Director, Discovery & Translational Development

Role Summary

Director, Discovery & Translational Development will provide scientific and strategic leadership for AAV-based gene therapy programs targeting neuromuscular diseases, with a primary focus on Duchenne Muscular Dystrophy (DMD). This role sits at the nexus of discovery, translational science, and early clinical development and is accountable for driving data-driven decisions that advance programs from preclinical development through IND and into the clinic. The Director will lead translational strategy, oversee preclinical and IND-enabling studies, and serve as a key scientific partner to Clinical, Regulatory, CMC, Bioanalytics, and Program Management.
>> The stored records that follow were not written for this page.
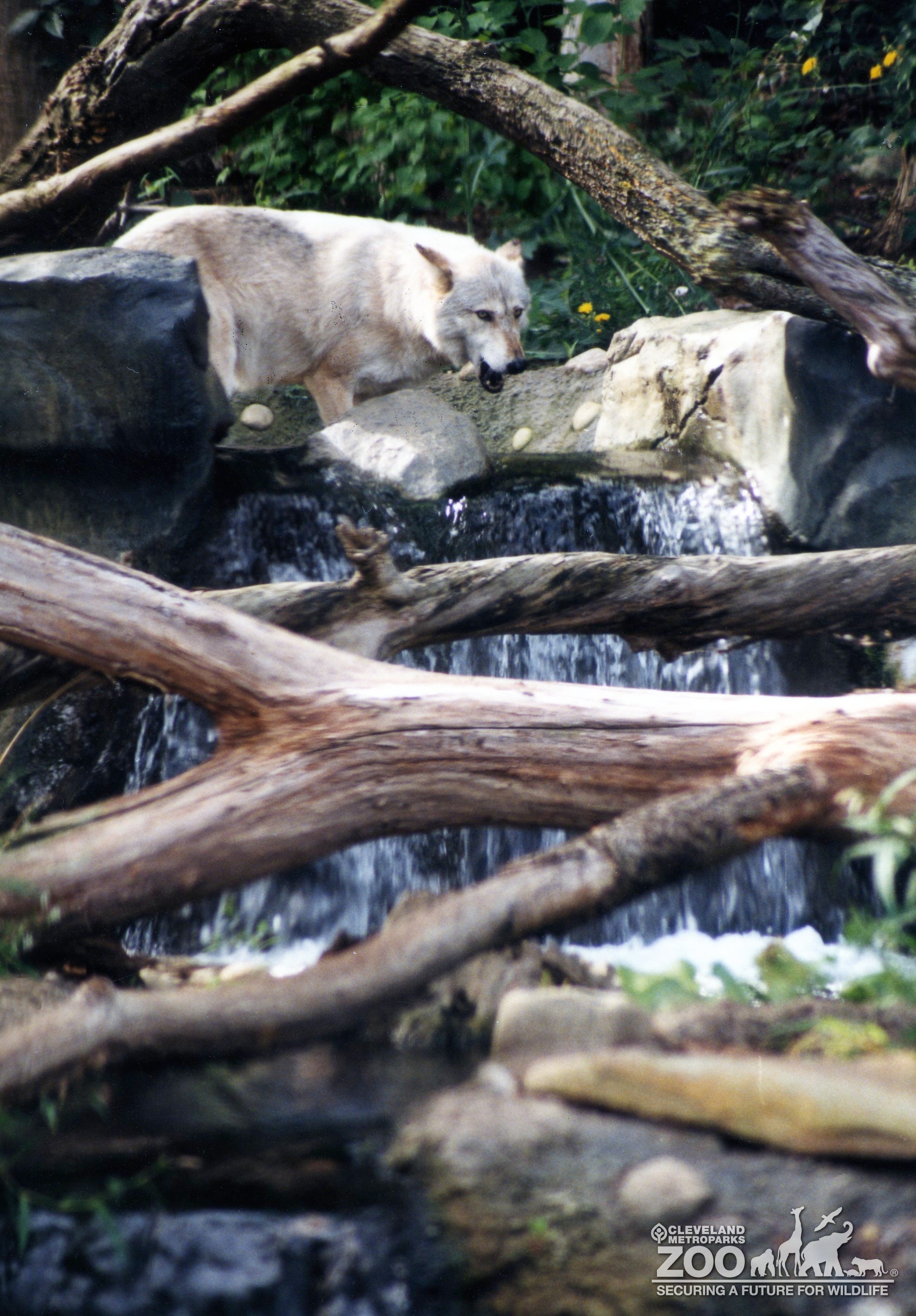 Photo shows a Mexican Gray Wolf crossing over waterfalls.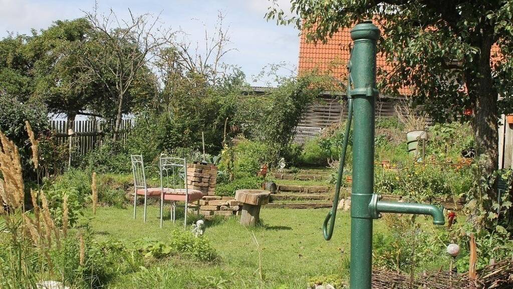 – Ein liebevoll angelegter Garten mit Beeten, Feuerstelle, Raketenofen und einem eigenen Brunnen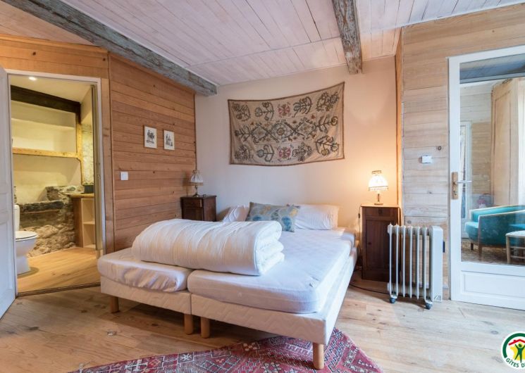 – On the second floor under the rafters: 1 bedroom (1 double bed 140x190cm) and 1 small dormitory (1 double bed 140x190cm and 3 single beds 90x190cm). Each sleeping unit (bedroom or dormitory) has its own private shower room/WC, except on the second floor where the WC is shared.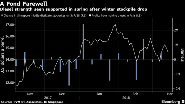 這是因?yàn)?,這些地區(qū)的煉油廠到了每年停產(chǎn)保養(yǎng)的時(shí)候,這會(huì)在需求依然旺盛的時(shí)候維持供應(yīng)緊張。在亞洲石油貿(mào)易中心新加坡,包括柴油在內(nèi)的所謂中間餾分油庫存上個(gè)月降至2013年以來最低水平。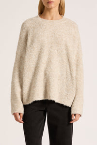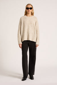 The Elias Knit is made from a recycled, heavyweight yarn which is super soft and has a slight marle effect. The fit is oversized with length finishing above the hips. Features include a crew neckline with ribbed cuff and hem.

Location: Charlestown, MA.

Responsibilities

• Scientific & Translational Leadership
  • Own and drive the translational strategy for neuromuscular gene therapy programs, ensuring alignment between preclinical data, biomarker strategy, and clinical interpretation.
  • Provide scientific leadership for mechanism of action, biodistribution, transgene expression, durability, and functional efficacy across relevant disease models.
  • Define and oversee biomarker frameworks that link nonclinical data to clinical endpoints and regulatory expectations.
  • Establish data standards, success criteria, and decision points to support confident program advancement.
• Program Ownership & IND-Enabling Execution
  • Provide scientific oversight and accountability for IND-enabling studies, including study design, CRO execution, data review, and interpretation.
  • Contribute to and review regulatory-facing documents (e.g., study reports, investigator brochures, briefing packages, responses to agency questions).
  • Partner with Program Management to ensure timelines, risks, and dependencies are clearly defined and proactively managed.
  • Support development and refinement of Target Product Profiles (TPPs) and program risk-mitigation strategies.
• Cross-Functional Leadership
  • Serve as a core scientific representative on cross-functional program teams, working closely with Clinical Development, Regulatory Affairs, CMC, Bioanalytics, and Quality.
  • Communicate complex scientific concepts and data clearly to senior leadership and executive audiences, enabling informed decision-making.
  • Represent DTD in internal governance forums and, as appropriate, external scientific or regulatory interactions.
• Team Leadership & Development
  • Provide scientific mentorship and leadership to scientists within DTD, fostering rigor, accountability, and translational thinking.
  • Guide experimental planning and data interpretation across the team without necessarily being hands-on at the bench.
  • Contribute to building scalable DTD processes, platforms, and best practices.

Qualifications

• PhD in Muscle Biology, Neuroscience, Molecular Biology, Cell Biology, Genetics, Pharmacology, or a related life sciences discipline.
• Postdoctoral training in neuromuscular disease or gene therapy is preferred.
• 8–12+ years of relevant experience, with substantial experience in biotechnology or pharmaceutical industry settings.
• Direct experience leading or significantly contributing to neuromuscular disease programs, preferably DMD.
• Demonstrated experience advancing AAV gene therapy programs through preclinical development and IND submission.
• Experience engaging with or supporting regulatory interactions (FDA, EMA) is strongly preferred.
• Deep familiarity with neuromuscular disease models and translational endpoints.
• Expertise in molecular, histological, and functional assays relevant to gene therapy.
• Strong data interpretation and critical assessment skills; able to integrate complex datasets across modalities.
• Experience overseeing CROs and external collaborators.

Skills

• Deep expertise in neuromuscular disease biology, with a strong emphasis on DMD.
• Demonstrated leadership in AAV-based gene therapy development, including translational and IND-supporting work.
• Strong translational mindset with the ability to bridge preclinical data to clinical hypotheses and regulatory strategy.
• Strategic thinking combined with scientific rigor and attention to detail.
• Proven ability to influence across functions and operate effectively in a matrixed organization.
• Clear, concise scientific communication tailored to diverse audiences.